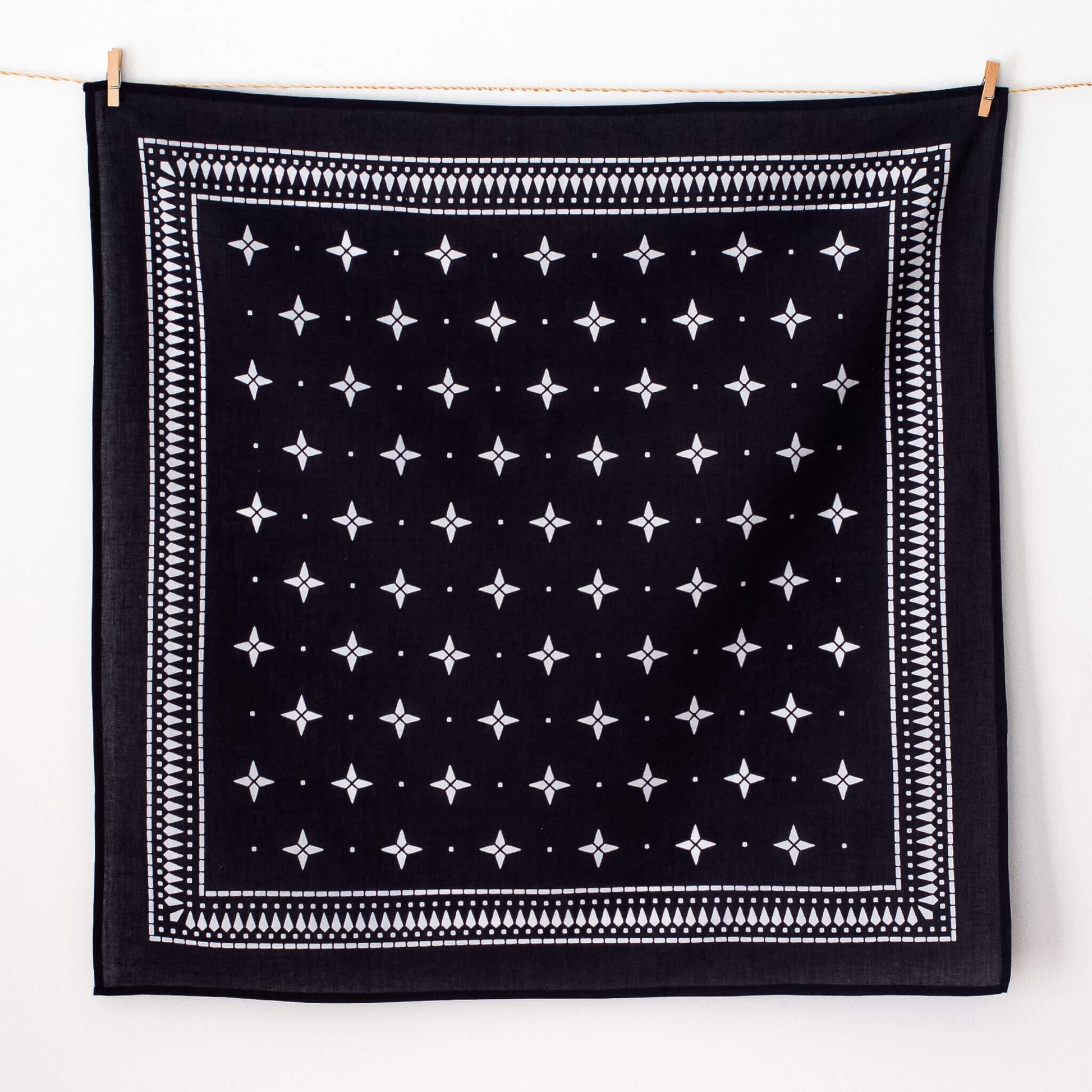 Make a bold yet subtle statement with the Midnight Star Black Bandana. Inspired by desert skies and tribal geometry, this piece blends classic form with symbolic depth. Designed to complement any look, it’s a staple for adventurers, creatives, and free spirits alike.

* * *

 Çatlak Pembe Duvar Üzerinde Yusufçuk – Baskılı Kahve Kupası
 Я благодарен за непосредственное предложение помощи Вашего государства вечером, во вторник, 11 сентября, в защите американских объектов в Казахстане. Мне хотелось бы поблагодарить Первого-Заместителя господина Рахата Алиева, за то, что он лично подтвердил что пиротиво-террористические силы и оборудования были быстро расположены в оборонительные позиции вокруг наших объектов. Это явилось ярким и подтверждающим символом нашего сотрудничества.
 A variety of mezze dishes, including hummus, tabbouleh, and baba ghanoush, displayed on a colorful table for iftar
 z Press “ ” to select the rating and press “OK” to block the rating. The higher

• [Task brief] In the entries above, please find the line with "Я благодарен за" and the line with "rating. The higher", then write out exactly those two lines and every line between them, and nothing more.

• [Response below]
 Я благодарен за непосредственное предложение помощи Вашего государства вечером, во вторник, 11 сентября, в защите американских объектов в Казахстане. Мне хотелось бы поблагодарить Первого-Заместителя господина Рахата Алиева, за то, что он лично подтвердил что пиротиво-террористические силы и оборудования были быстро расположены в оборонительные позиции вокруг наших объектов. Это явилось ярким и подтверждающим символом нашего сотрудничества.
 A variety of mezze dishes, including hummus, tabbouleh, and baba ghanoush, displayed on a colorful table for iftar
 z Press “ ” to select the rating and press “OK” to block the rating. The higher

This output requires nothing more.